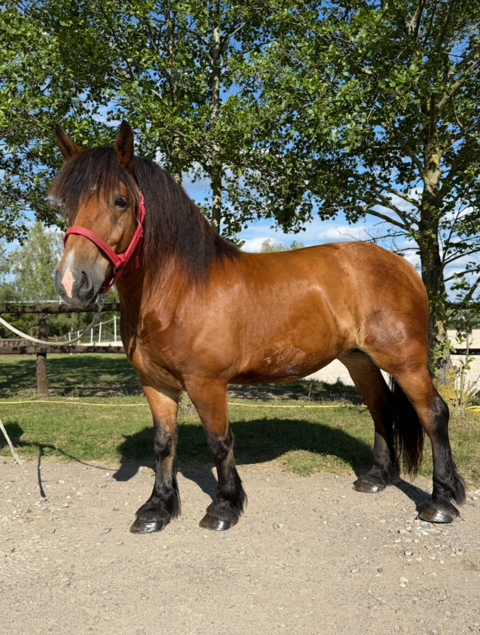 Jest bezpieczna w obejściu, grzeczna, chętna do współpracy. Jeździ pod siodłem, podaje wszystkie nogi, była również zaprzęgana do opony – więc zna podstawy pracy z ziemi i w zaprzęgu.
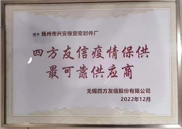 昨日,扬州兴安橡塑密封件厂董事长刘书霞女士,收到了一块特别的奖牌。为刘书霞颁发奖牌的是无锡四方友信股份有限公司副总经理张勤女士。
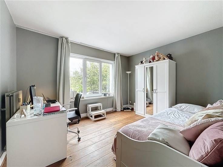 Bezoek deze woning met Christopher: 0478/07.34.26 // Vert Chasseur, aan de rand van het Ter Kamerenbos, op 50 meter van de Europese School, een prachtig 2-slaapkamer appartement van ±84 m² met een bureau en oostgericht terras, gelegen op de 1e verdieping van een goed onderhouden klein gebouw. Het bestaat uit een grote inkomhal van ±17 m², een woonkamer van ±33 m² met een bureauhoek, een volledig uitgeruste open keuken met een eetruimte van ±24 m² (oven, gasfornuis, afzuigkap, koelkast, vriezer, vaatwasser, magnetron), een gang met vestiaire, een hoofdslaapkamer van ±28 m² met een dressing en toegang tot een terras van ±29 m², een tweede slaapkamer van ±13 m², een bureau/derde slaapkamer van ±10 m² en een badkamer (bad, wastafel, uitgerustewasruimte, toilet). Parketvloeren, centrale gasverwarming, houten ramen met dubbele beglazing. Kosten: €175/maand (voorschot: gemeenschappelijke ruimtes, verwarming, warm en koud water). Sterke punten: uitstekende locatie, dak gerenoveerd in 2023, licht, grote hoofdslaapkamer met dressing, groot terras. De afmetingen worden ter indicatie gegeven. Beschikbaar vanaf 16/12/2024!
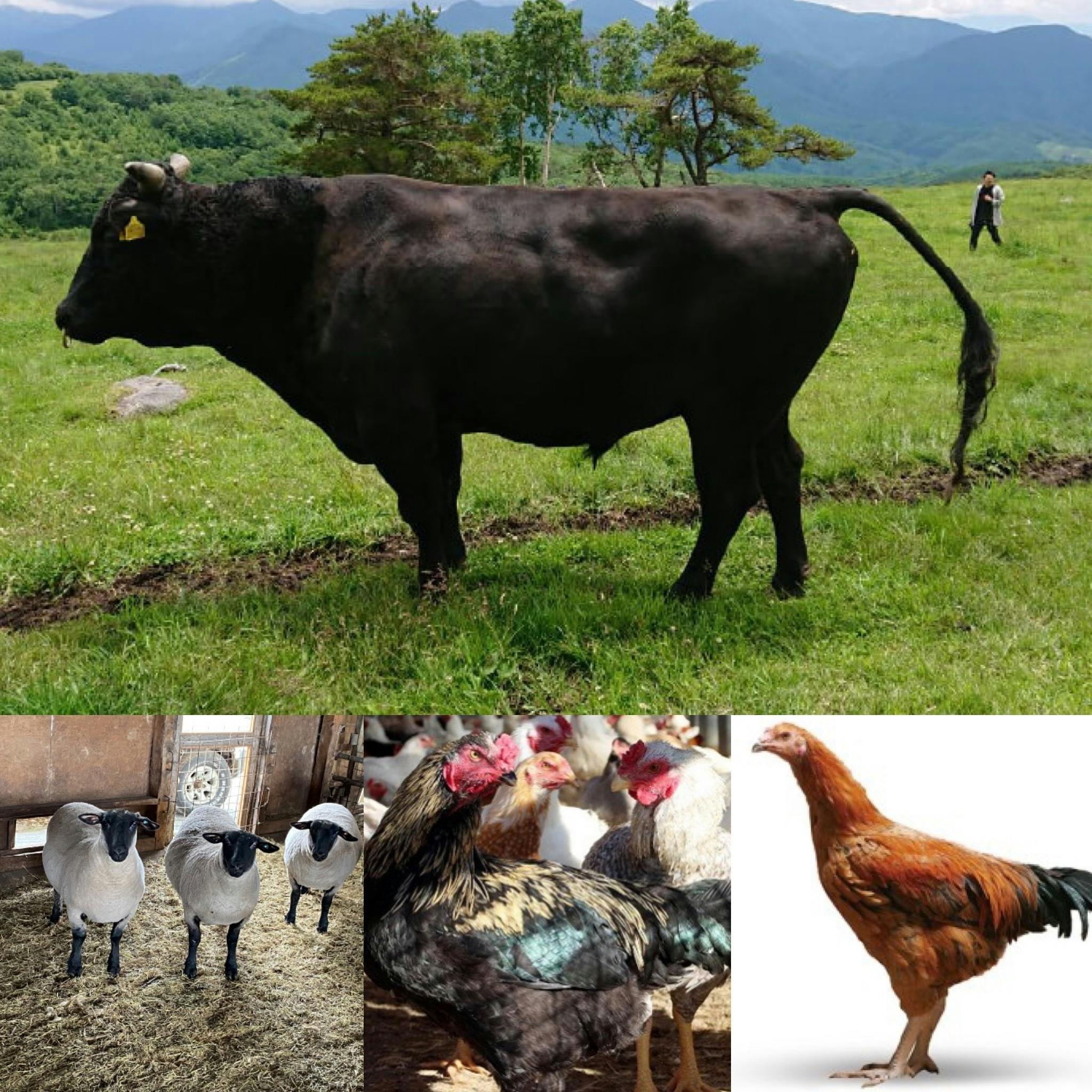 本プロジェクトの取り扱うWAGYUとラムは信州上田菅平高原にある。天空の牧場ダボス牧場伊藤氏が育てる市場流通しないまたは少ない特殊個体を使用しております。WAGYUの基本ベースとして、霜降りの入らない自然で健康的な和牛。日本短角和種×黒毛和種の意図的交雑種、ハイブリッド短黒和牛
═══
* **ASSIGNMENT**
Only the lines from where the data begins to the line with "昨日,扬州兴安橡塑密封件厂董", both of them included, should be reproduced word for word; no pictures.

* **SOLUTION**
 Jest bezpieczna w obejściu, grzeczna, chętna do współpracy. Jeździ pod siodłem, podaje wszystkie nogi, była również zaprzęgana do opony – więc zna podstawy pracy z ziemi i w zaprzęgu.
 昨日,扬州兴安橡塑密封件厂董事长刘书霞女士,收到了一块特别的奖牌。为刘书霞颁发奖牌的是无锡四方友信股份有限公司副总经理张勤女士。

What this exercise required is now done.